*** Opening of Exercise inputs ***
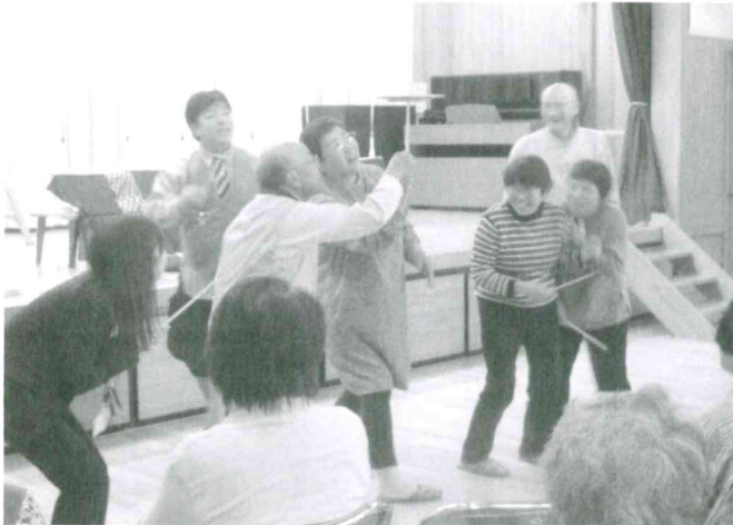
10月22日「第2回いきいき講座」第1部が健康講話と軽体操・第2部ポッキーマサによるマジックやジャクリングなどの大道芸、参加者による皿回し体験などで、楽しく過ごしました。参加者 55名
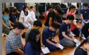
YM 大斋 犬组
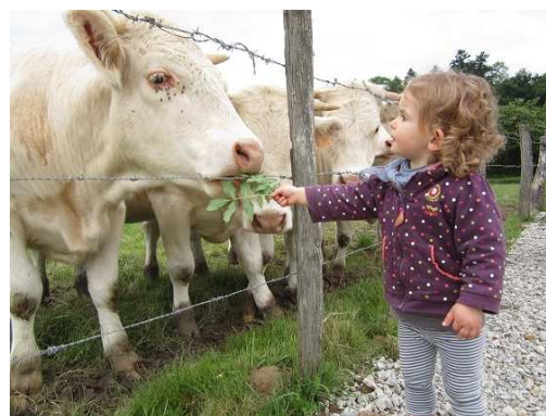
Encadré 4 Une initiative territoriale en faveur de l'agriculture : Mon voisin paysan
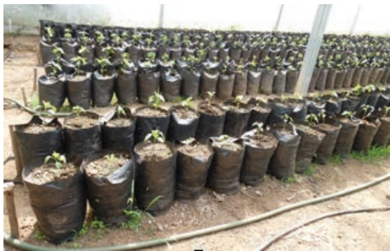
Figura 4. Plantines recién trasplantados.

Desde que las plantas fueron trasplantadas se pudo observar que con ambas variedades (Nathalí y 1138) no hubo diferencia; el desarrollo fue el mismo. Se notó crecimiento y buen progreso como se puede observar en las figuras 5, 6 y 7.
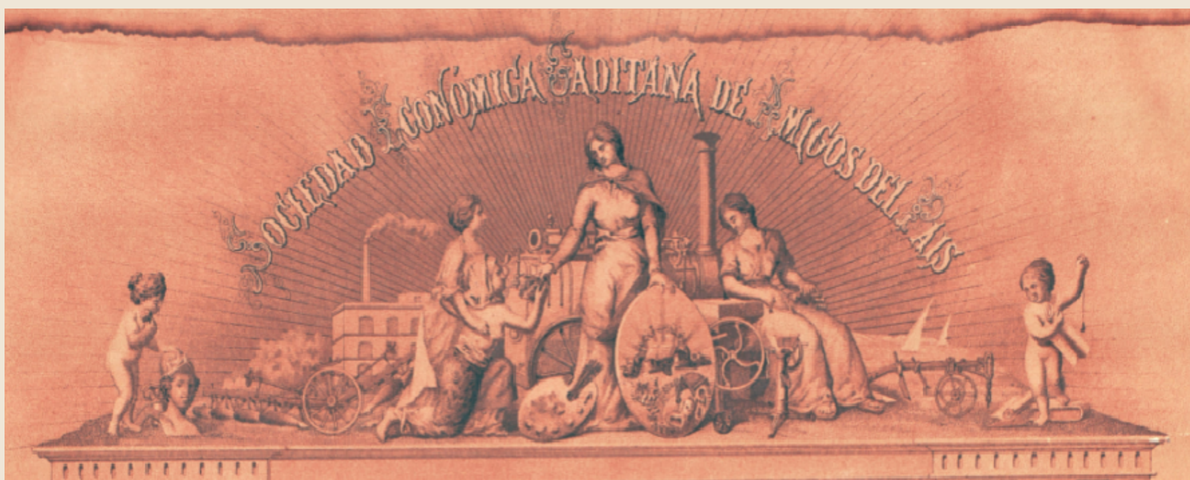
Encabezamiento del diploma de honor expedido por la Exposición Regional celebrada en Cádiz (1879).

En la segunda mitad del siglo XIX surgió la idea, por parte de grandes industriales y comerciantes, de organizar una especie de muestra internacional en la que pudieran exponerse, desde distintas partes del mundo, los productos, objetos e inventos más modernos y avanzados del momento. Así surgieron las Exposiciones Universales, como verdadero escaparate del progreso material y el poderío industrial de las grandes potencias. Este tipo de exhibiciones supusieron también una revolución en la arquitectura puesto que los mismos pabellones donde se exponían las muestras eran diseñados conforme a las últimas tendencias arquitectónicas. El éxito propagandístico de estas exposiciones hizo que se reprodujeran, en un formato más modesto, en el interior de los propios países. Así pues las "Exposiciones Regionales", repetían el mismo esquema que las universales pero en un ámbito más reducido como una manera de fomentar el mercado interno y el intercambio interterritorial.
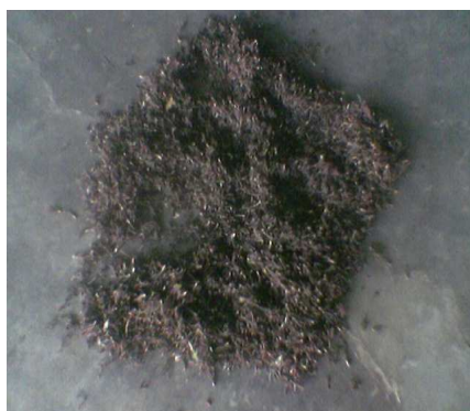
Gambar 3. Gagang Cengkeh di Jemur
*** Close of Exercise inputs ***
▶ [What this task involves]:
Where pictures occur in the material above, omit them and return everything else exactly.

▶ [Response below]:
10月22日「第2回いきいき講座」第1部が健康講話と軽体操・第2部ポッキーマサによるマジックやジャクリングなどの大道芸、参加者による皿回し体験などで、楽しく過ごしました。参加者 55名
YM 大斋 犬组
Encadré 4 Une initiative territoriale en faveur de l'agriculture : Mon voisin paysan
Figura 4. Plantines recién trasplantados.

Desde que las plantas fueron trasplantadas se pudo observar que con ambas variedades (Nathalí y 1138) no hubo diferencia; el desarrollo fue el mismo. Se notó crecimiento y buen progreso como se puede observar en las figuras 5, 6 y 7.
Encabezamiento del diploma de honor expedido por la Exposición Regional celebrada en Cádiz (1879).

En la segunda mitad del siglo XIX surgió la idea, por parte de grandes industriales y comerciantes, de organizar una especie de muestra internacional en la que pudieran exponerse, desde distintas partes del mundo, los productos, objetos e inventos más modernos y avanzados del momento. Así surgieron las Exposiciones Universales, como verdadero escaparate del progreso material y el poderío industrial de las grandes potencias. Este tipo de exhibiciones supusieron también una revolución en la arquitectura puesto que los mismos pabellones donde se exponían las muestras eran diseñados conforme a las últimas tendencias arquitectónicas. El éxito propagandístico de estas exposiciones hizo que se reprodujeran, en un formato más modesto, en el interior de los propios países. Así pues las "Exposiciones Regionales", repetían el mismo esquema que las universales pero en un ámbito más reducido como una manera de fomentar el mercado interno y el intercambio interterritorial.
Gambar 3. Gagang Cengkeh di Jemur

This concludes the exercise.